_Exercise details_.
When you reach a picture, pass over it; otherwise repeat the listing word for word.

_Dataset extract_.
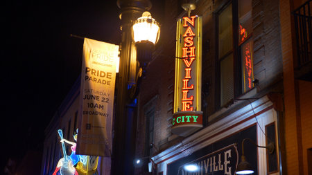 Nashville, Tennessee, U.S.A - June 26, 2022 - The bars and restaurants along Broadway Street
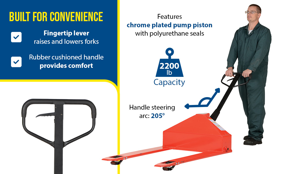 These pallet trucks are ideal for skids and low profile pallets. Features 1-1/2" lowered fork height for extra low profile skids, pallets or machinery. Fingertip lever switch for raise, lower and neutral operation. Rubber cushioned handle grip. Baked-in powder coat finish for added toughness. Individual fork width is 6-1/2".
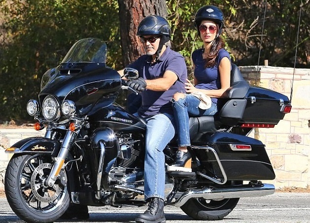 Всем известно, что Джордж Клуни давно пристрастился к мотоциклам. 55-летний актер колесил на шикарном чоппере в компании 38-летней супруги Амаль Клуни. Звездную чету папарацци запечатлели в Лос-Анджелесе.
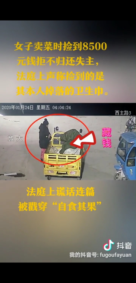 庭審中,面對(duì)監(jiān)控錄像顯示楊某彎腰撿拾錢款的畫面,楊某本人百般抵賴、謊話連篇,拒不承認(rèn)撿到錢款。當(dāng)法官詢問楊某如何解釋監(jiān)控畫面中顯示其撿到了白色包裹時(shí),楊某居然說是彎腰撿東西了,但撿的不是錢,撿的是她自己的衛(wèi)生巾。法官再次向楊某告知當(dāng)事人作虛假陳述的后果及應(yīng)當(dāng)承擔(dān)的法律責(zé)任,楊某仍一口咬定撿到的不是錢,撿的是衛(wèi)生巾。法官遂傳喚現(xiàn)場(chǎng)目擊證人出庭作證,兩名證人依法進(jìn)行了法庭宣誓,明確表示見到了楊某撿起地上一包錢并放入其本人包中的行為。此時(shí),原告又提交了一份錄音證據(jù),法官予以當(dāng)庭播放。錄音清晰顯示,楊某在電話中曾經(jīng)承認(rèn)1月24日早上撿到錢款的行為。

_Answer to this task_.
 Nashville, Tennessee, U.S.A - June 26, 2022 - The bars and restaurants along Broadway Street
 These pallet trucks are ideal for skids and low profile pallets. Features 1-1/2" lowered fork height for extra low profile skids, pallets or machinery. Fingertip lever switch for raise, lower and neutral operation. Rubber cushioned handle grip. Baked-in powder coat finish for added toughness. Individual fork width is 6-1/2".
 Всем известно, что Джордж Клуни давно пристрастился к мотоциклам. 55-летний актер колесил на шикарном чоппере в компании 38-летней супруги Амаль Клуни. Звездную чету папарацци запечатлели в Лос-Анджелесе.
 庭審中,面對(duì)監(jiān)控錄像顯示楊某彎腰撿拾錢款的畫面,楊某本人百般抵賴、謊話連篇,拒不承認(rèn)撿到錢款。當(dāng)法官詢問楊某如何解釋監(jiān)控畫面中顯示其撿到了白色包裹時(shí),楊某居然說是彎腰撿東西了,但撿的不是錢,撿的是她自己的衛(wèi)生巾。法官再次向楊某告知當(dāng)事人作虛假陳述的后果及應(yīng)當(dāng)承擔(dān)的法律責(zé)任,楊某仍一口咬定撿到的不是錢,撿的是衛(wèi)生巾。法官遂傳喚現(xiàn)場(chǎng)目擊證人出庭作證,兩名證人依法進(jìn)行了法庭宣誓,明確表示見到了楊某撿起地上一包錢并放入其本人包中的行為。此時(shí),原告又提交了一份錄音證據(jù),法官予以當(dāng)庭播放。錄音清晰顯示,楊某在電話中曾經(jīng)承認(rèn)1月24日早上撿到錢款的行為。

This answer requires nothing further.